Switch device 3 provides the PCIe connectivity between an upstream device, for example the Root Complex device 2, and downstream devices, for example endpoint devices 14, 15, and additionally between downstream devices (peer-to-peer). PCIe Configuration Registers (not shown) allow switch device 3 and endpoints 14, 15 to advertise their MPS capability and to be programmed with a MPS for packet transfers. The Root complex device 2 is operable by a flow control program to read all the configuration space of the switch device 3 and endpoints 14,15, known as the discovery phase, and to program (enumerate) the switch device 3 and endpoints to match the MPS of each switch port 7,8,9 to an associated root complex device or endpoint device 2,14,15.

The MPS for each switch port and endpoint pair or each switch port and root complex pair on a PCIe bus are programmed for the Smallest MPS for the pair instead of the Smallest MPS of a device in the system. The switch device 3 is then responsible for the management of Read Completion and Posted Write type operations (CP type operations) involving transfer of Read completion Packet, Memory Write Request packet and/or Message Request Packets and guarantees to not exceed the MPS of the recipient of the packets. Different payload sizes are therefore available for each of the Switch PCIe busses.

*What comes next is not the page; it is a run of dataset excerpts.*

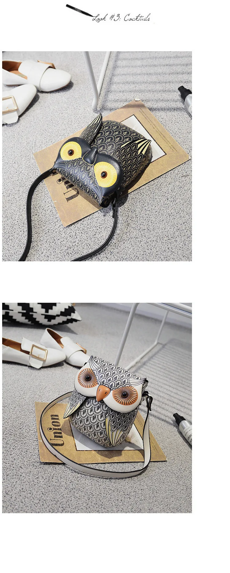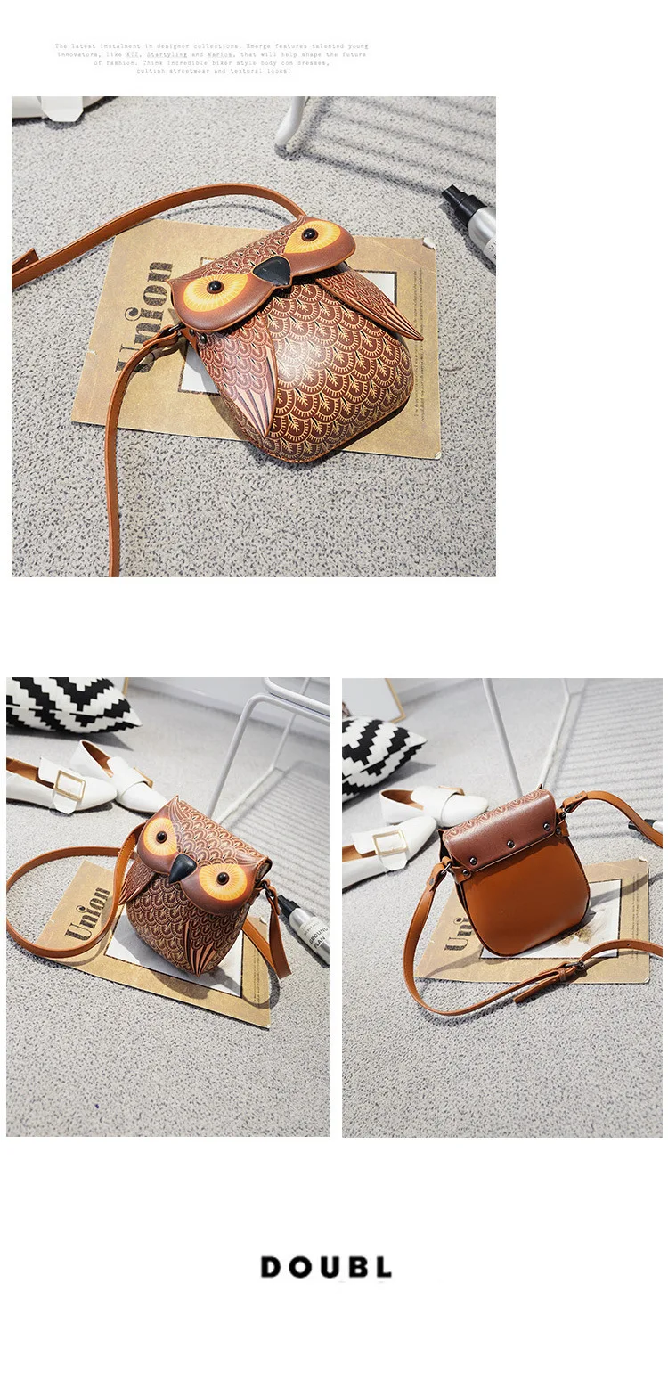 Мини-женская сумка через плечо, Мультяшные кожаные сумки, Сова, пакет, креативный Pu кошелек, сумка для девочек, милые сумки через плечо с животными, QF
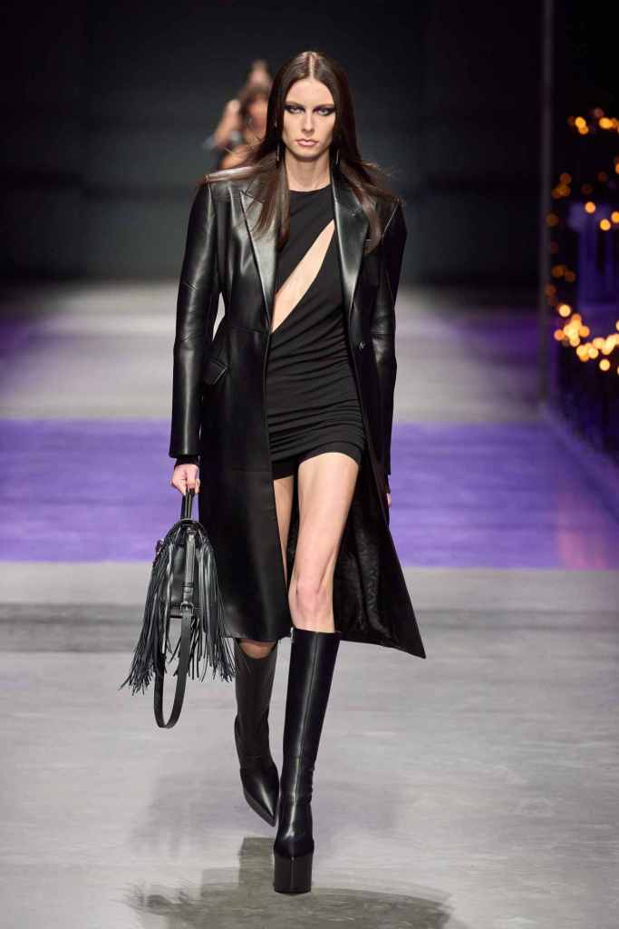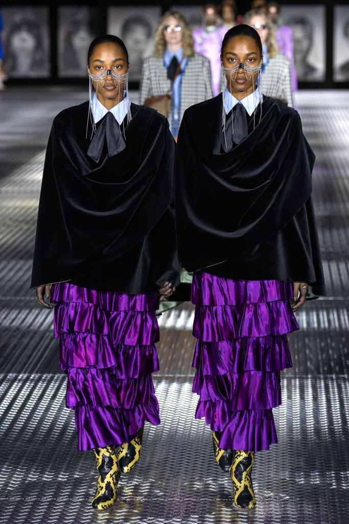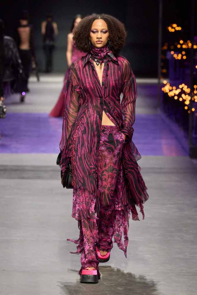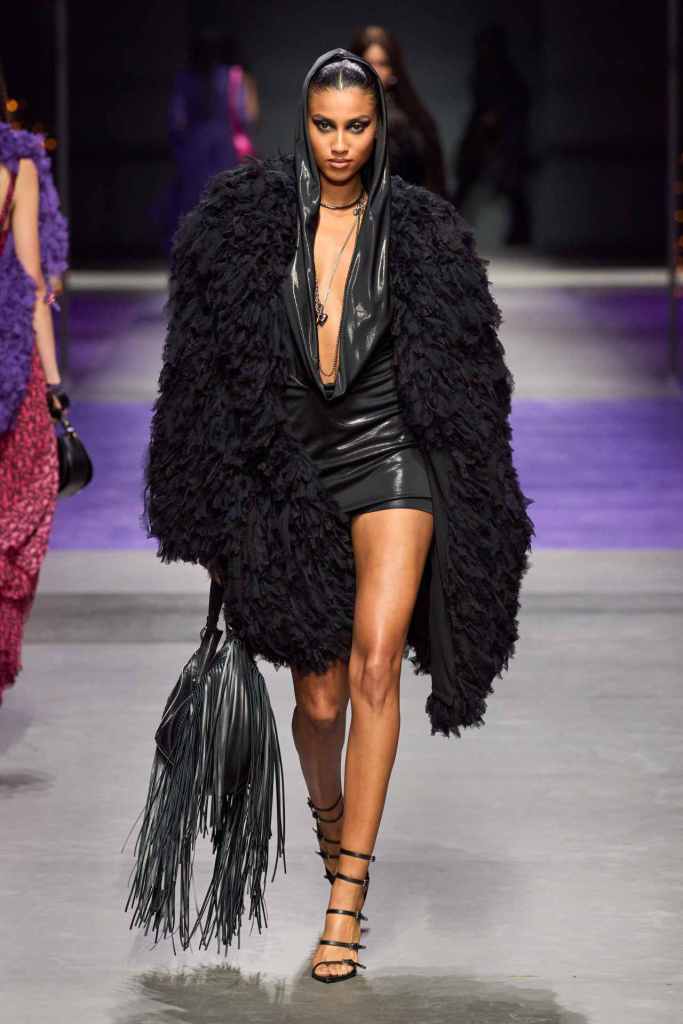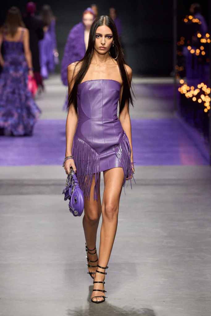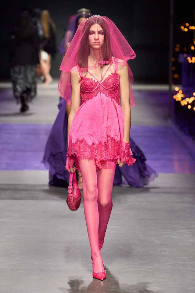 Versace: There was a lot of goth, grunge and glamour in this collection. Purple and black were the primary colors here with hints of pink; adding to the glam Rock chic energy. A lot of references to archives and playing on the 90s nostalgia that is bound to connect with countless fans. The collection started with some subversive all-black looks featuring leather jackets, fringed bags, strappy heels and form-fitting dresses. The collection moved to more sprightly looks with a lot of prints and excessive layering. The collection ended with a series of solid-colored laced babydolls worn with veils – extremely reminiscent of 90s runway shows. This collection was Versace on point.
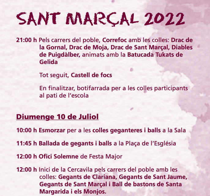 El Drac de la Gornal, el Drac de Moja, el Drac de Sant Marçal i els Diables de Puigdàlber participaran dissabte en un correfoc de Festa Major animats per la Batucada Tukats de Gelida. L’acte començarà a les 21 h i el recorregut passarà pels principals carrers de Castellet i la Gornal. En acabar, es farà un Castell de focs.
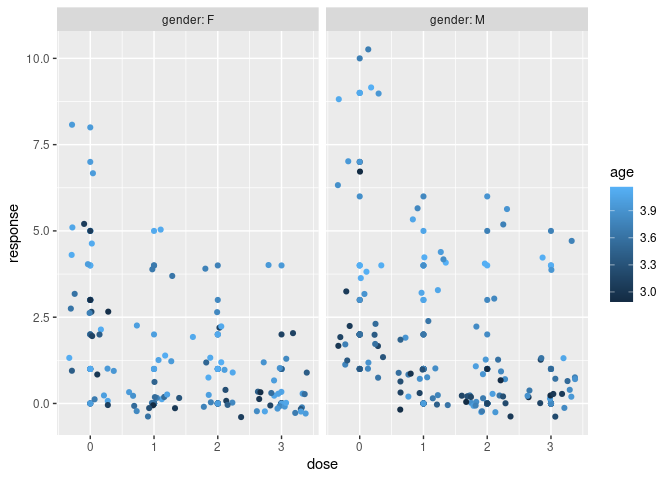 We begin with an example where we simulate negative binomial data where age and gender are prognostic factors. In this example, males have higher counts than females and older individual have higher counts than younger people.
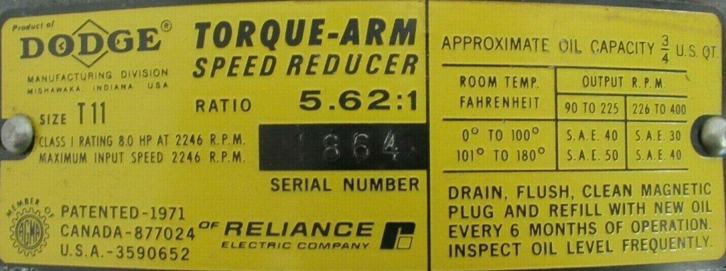 NEW DODGE T11 TORQUE-ARM SPEED REDUCER 5.62:1 1-5/8" BORE$650.00 Out of stock SKU: 193933179639 Category: Other Description Additional information Description NEW DODGE T11 TORQUE-ARM SPEED REDUCER 5.62:1 1-5/8″ BORENEW, NO BOX B3/128 BB Additional information Weight 35.00 lbs MPN T11 Brand DODGE We Buy New and Used Surplus Inventory - Sell to Us
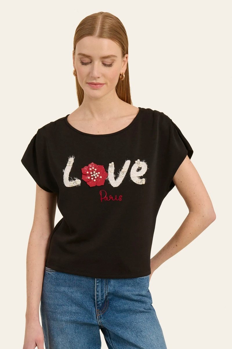 Lettrage, motifs fleurs pailletés et perles décoratives devant.
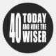 Funny 40th Birthdays : 40 Today and None the Wiser Classic Round Sticker
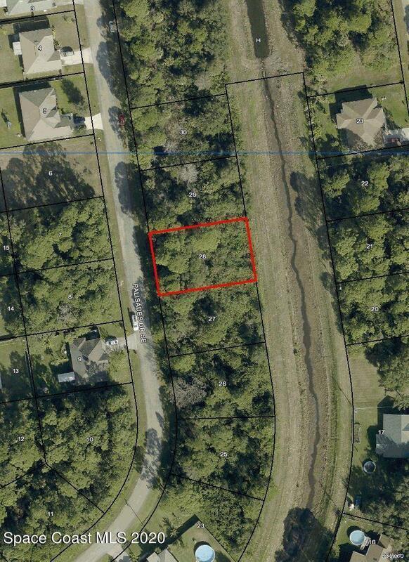 Cleared lot with city water available! Great location in Unit 46, with close proximity to Bayside Lakes and new I-95 intersection. Canal directly behind for additional privacy! Zoned for excellent schools. Seller has survey and septic permit available.
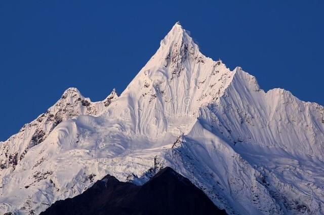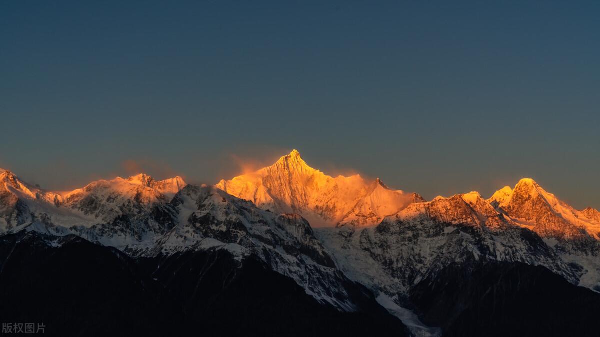 梅里雪山巍峨雄浑、冷峻圣洁,有一种震撼心灵之美,尤其是日照金山对比是很多人梦寐以求却难得一见的胜景。
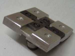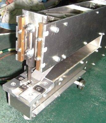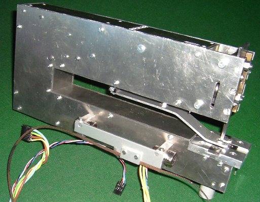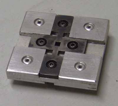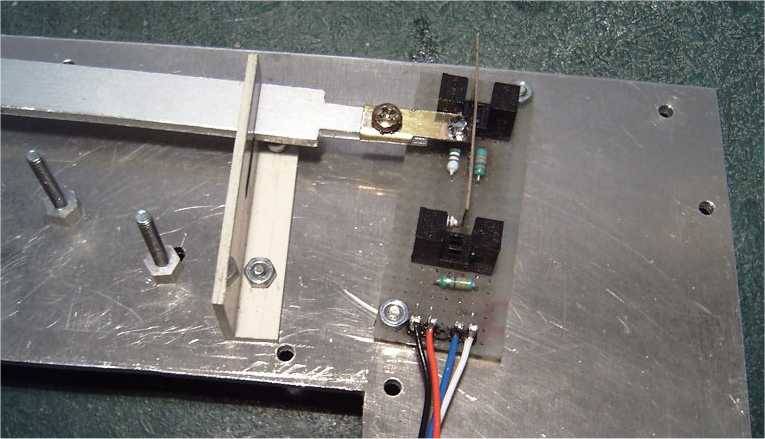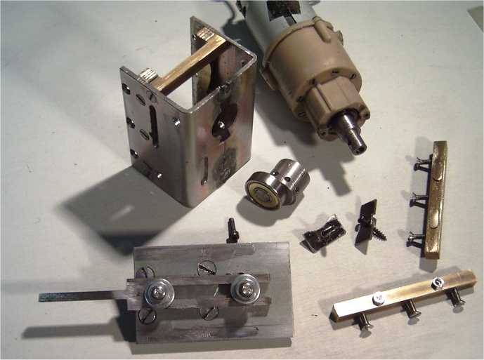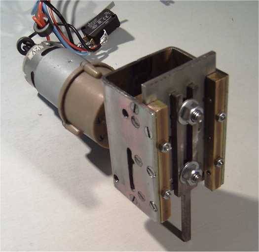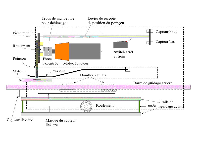 | Elle constitue le coeur du système, et de la qualité de sa réalisation dépendront grandement les performances et la fiabilité de la machine. On décrira d'abord le mécanisme, ensuite le procédé de fabrication de la matrice, puis la structure qui soutient et enveloppe tout ça, et enfin les différents capteurs. Je dirai aussi un mot du refroidissement, avant de présenter des photos de la tête terminée. Le diagramme ci-après montre le principe de cette tête La base de cette tête est un groupe moto réducteur de visseuse. Le modèle choisit fonctionne en 12 volts, et l'on ne prélèvera que le moteur et son train épicycloïdal. Pour information, le mandrin de la visseuse est fixé au moyen d'une vis, pas à gauche au fond du mandrin, et le mandrin lui-même est vissé, pas à droite sur la broche de sortie du réducteur... ça vous évitera de chercher autant que moi! Le filetage de l'extrémité de la broche est supprimé... au tour (ça commence bien!). Une pièce spécifique est montée en sortie du réducteur. Cette pièce comporte un axe excentré portant un roulement à bille de rollers (alésage 8, diamètre extérieur 22). Des trous de 3 mm disposés à la périphérie de cette pièce (voir photos suivantes) permettent de faire tourner le moteur manuellement, à l'aide d'une queue de forêt par exemple, et de remonter le poinçon lors d'un éventuel bourrage. La course totale de l'excentrique est de 12 mm (décentrage des axes de 6 mm donc). Cette pièce se réalise assez facilement au tour (promis, j'arrête), mais peut être également constituée d'un rondin sur lequel on vient rapporter un axe portant le roulement. Dans ce cas, une perceuse suffit, et même si ça ne tourne pas vraiment rond, ben c'est pas grave, c'est précisément ce qu'on cherche ;o) (ouf!) Le moteur est fixé à l'arrière d'une pièce en forme de U. A l'avant de cette pièce, une plaque en acier de 4 mm coulisse entre des glissières faites de barres de laiton de 7x7. Cette plaque porte le poinçon à l'avant, de coulisses horizontales (du même laiton) espacées de 22 mm à l'arrière, ainsi qu'une tige commandant la bascule de commande d'arrêt du moteur. Le démontage s'effectue en ôtant la partie avant des glissières, qui comportent également un système de rattrapage de jeu. Cette partie de la tête est des plus délicate à fabriquer et a requit de nombreuses heures d'ajustage. Le fonctionnement doit être doux, sans jeux et sans point dur! Une pièce pas facile à réaliser non plus... Le support est constituée de l'assemblage de plaques d'aluminium de 4 mm collées à l'époxy et rivetées, de manière à ménager des rainures en forme de croix. La matrice proprement dite est constituée de 4 pièces en acier provenant d'une lime, détrempée pour l'usinage (meule + lime!) et retrempées ensuite. Ma "méthode" de détrempe est de faire chauffer la lime dans un feu de cheminée toute une soirée, et de la laisser refroidir tranquillement avec le feu qui s'éteint. Le lendemain matin on peut commencer à bosser. Le truc reste quand même dur hein, faut pas croire! Mais ça se coupe à la scie à métaux, et c'est la lime qu'on tient dans la main qui bouffe l'autre, c'est bien ce qu'on veut non? ;o) Pour la retrempe, on chauffe au rouge cerise avec un chalumeau. Et plouf... dans l'eau! Oui je sais c'est sans doute pas très académique, mais ce n'est pas le première fois que je fais ça et ça donne à peu près ce que je veux. Le dessous m'a fait me faire quelques noeuds au cerveau, car il faut prévoir la fixation, et penser à un système pour ne pas perdre les écrous de blocage lors du changements des éléments. Ah! si j'avais une fraiseuse... Pour être honnête quand même, les pièces en acier de la matrice ont été ajustées d'équerre et "rectifiées" au tour (encore! Pourtant t'avais dit?...). Pièces sur le porte-outil, une meule fine dans le mandrin et vitesse maximale. La structure générale de cette tête est en quelque sorte un coffre, constitué d'un sandwich de plaques de tôle d'aluminium d'une épaisseur de 3 mm et de 50 mm de large coincées entre les 2 côtés en forme de C, tirés du même matériau. L'assemblage se fait avec de la tige filetée de 3 qui maintient les éléments plaqués les uns contre la autres. Les dimensions sont tout de même assez imposantes: la profondeur du col est de 250 mm, longueur totale 350 mm. La masse totale est tout de même de 3 kg. La tête presque terminée, l'intérieur, et le déchaussoir réglable La tête comporte un levier qui suit les mouvements du poinçon. Ce levier a un double rôle:

The system is responsible for generating multiple Read Completions, Memory Write Requests or Message Requests packets when the MPS of the recipient of the data is less than the Payload Size of the source of the data. The switch device 3 manages Multiple Read Completions that need to be generated when a read completion packet exceeds the MPS of the destination device. The rules for Multiple Read Completions are the same as the PCI Express specification rules for completions. Switch device 3 may generate Multiple Read Completions when the device sourcing the Read Completion packet has a Payload Size that is greater than the MPS of the device receiving the Read Completion data.

The switch device 3 also generates multiple Memory Write requests when the Memory Write Request packet exceeds the MPS of the destination device. The resulting Multiple Memory Write Requests are divided based on the MPS of the destination device. For example, a Memory Write request with a payload of 512 bytes targeted to a device with a MPS of 128 bytes is divided into four packets of 128 bytes each. FIG. 8 illustrates an example of a 512 byte message request packet 40 which can be transferred using the system of FIG. 3, and FIG. 9 illustrates four 128 byte sub-packets 40 a-40 d following division of the message request packet 40. The first bytes enables and starting address are provided in the header of the first packet 40 a. The address for each subsequent packet is the address of the previous packet plus the number of Dwords transferred in the previous packet. The byte enables for intermediate packets are set to all ones. The last byte enable is provided in the header of the last packet 40 d. The length field of the header indicates the number of Dwords transferred in the packet payload. All other header fields of the Multiple Write Requests are unmodified from the original header. Memory Write requests that are divided into multiple Memory Write requests must not allow any other transfers to pass this transfer once the transfer has started.

Message Requests that exceed the MPS of the receiver are generated with the same method as multiple Memory Write Requests. The length field of the header indicates the number of Dwords transferred in the packet payload. All other header fields of the Multiple Message Requests are unmodified from the original header. Message requests that are divided into multiple Message requests must not allow any other transfers to pass this transfer once the transfer has started.

Known PCI-Express bus systems are not capable of transferring data according to the method and system of the illustrative embodiments. In such PCI-Express bus systems, all the devices connected to the bus system are limited to transferring data with a pay load size which is supportable by all of the devices. The PCI Express (PCIe) specification does not generally allow source and destination devices of PCIe packet transfers to have different Maximum Packet Payload Sizes because this can lead to malformed packet errors. The PCIe supports maximum payload sizes from 128 to 4096 bytes. PCIe specification requires that the MPS transferred between a source and a destination device be equal to the smallest MPS supported by either device.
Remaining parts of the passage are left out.